# جامعة الزقازيق > شعبة اللغة الإنجليزية > الفرقة الأولى >  Answer the questions

## د.شيماء عطاالله

*Answer the following questions* 

Is Crime a voluntary Behavior  

Write about Victimless Crimes 

What are Mala in se and mala prohibita 
 :Book:

----------


## shimaa fadel

Is Crime a voluntary Behavior
according to the criminological definition of crime ,for the act to be a crime it must be voluntary and the person who does it must also be free from certain forms of complusion

----------


## shimaa fadel

Write about Victimless Crimes
a victimless crime is an offence that is consensual and lacks a complaining ,that there is no victims of crimes such as drug use,gambling and prostitutipon

----------


## shimaa fadel

What are Mala in se and mala prohibita
mala in se is an act that violates the basic values and beliefs of society ,and it is evil in itself
whereas mala prohibita is wrong only because it has been defined as such by the law

----------


## shimaa fadel

Write about Victimless Crimes a victimless crime is an offence that is consensual and lacks a complaining ,that there is no victims of crimes such as drug use,gambling and prostitution
the use of illegal drugs can be seen as a victimless crime in the sense that neither the user nor the seller is likely to report the crime to the police
prostitution.the consensual transaction between prostitutes and their clients typically dont produce complainants

----------


## MAHMOUD ISMAIL

What are Mala in se and mala prohibita 

Definition of crime

a crime is an act that violates the basic values and beliefs of society

mala in se

Natural laws are rooted in core values shared by many cultures. Natural laws protect against harm to persons (murder and assault) or property "theft and  robbery      

Mala prohibita

Statutes are enacted by legislatures and reflect current cultural mores e.g. laws that prohibit marijuana use and gambling

----------


## MAHMOUD ISMAIL

Write about Victimless Crimes 

victimless crime is an offence that is consensual and lacks a complaining ,that there is no victims of crimes such as drug use  and gambling

----------


## mohamed hussien mohamed

-Answer n.1 :-  ( *Is crime a voluntary behavior?* )
yes , according to its criminological concept ,for the act to be a crime ,it must meet the following conditions :-A-the act must be done by a person of competent age.
B-the act must be voluntary ,and the person who does it must also be free from certain forms of compulsion.
C-the act must be intentional.



Answer n.2 :-   ( *write about victimless cirmes..*)
A victimless crime is an offense that is consensual and lacks a complaining participant .
it might be more accurate to refer to victimless crimes as crimes without complainants, because some observers question the idea that there is no victim of crimes such as (drug use,gambling,and prostitution)

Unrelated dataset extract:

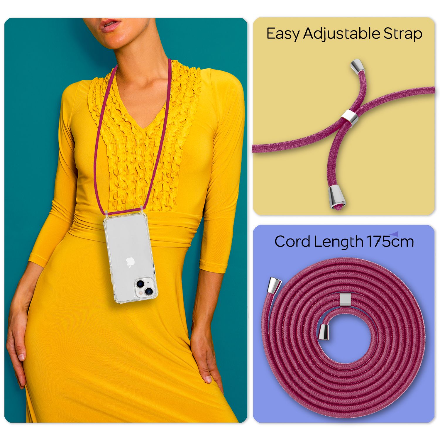 The 160 cm long phone strap is comfortable to wear and extra resistant to tangling. You can wear your smartphone flexibly over your shoulder, around your neck, or crossbody – whichever suits you best.

Answer n.3 :-   (*what are Mala in se and Mala prohibta ?* )
A-Mala in se means that crime is an act that violates the basic values and beliefs of society. As <murder ,rape,assault>
B-Mala prohibta means a crime that the law ban it . As <marijuana use , gambling >

----------


## Mohamed yousseff reda

Q.Is Crime a voluntary Behavior??

A. Yes for the following reason.. 
The act must be voluntary, and the person who does it must also be free from certain forms of compulsion.








Q.What are Mala in se and mala prohibita?! 
A.Both the positivst and classical schools take a consensus view of crime that a crime is an act that violates the basic values of society.Natural laws are rooted in core values shared by many cultures . Natural laws protect against harm to persons (e.g. murder ,rape,assault) or property (theft.larceny,robbery)	
Statutes are enacted by legislatures and reflect current cultural morals e.g. laws that prohibt marijuana use and gambling










Q.Write about Victimless Crimes??

A. A victimless crime is an offense that is consensual and lacks a complaining that there is no victim of crimes such as druge use ,gambling and ,prostitution

Drug Use: the use of illegal drugs can be seen as a victimless crime in the sense that neither the user nor the seller is likely to report the crime to the police.
Prostitution: The consensual transactionsbettween prostitutesand their clients typically do not produce complainants

----------


## Dalia Zoheir

Write about Victimless Crimes

 A victimless crime is an offense that is consensual and lacks a complaining that there is no victim of crimes such as druge use ,gambling and ,prostitution

Drug Use: the use of illegal drugs can be seen as a victimless crime in the sense that neither the user nor the seller is likely to report the crime to the police.
Prostitution: The consensual transactionsbettween prostitutesand their clients typically do not produce complainant




.Is Crime a voluntary Behavior


The act must be voluntary, and the person who does it must also be free from certain forms of compulsion.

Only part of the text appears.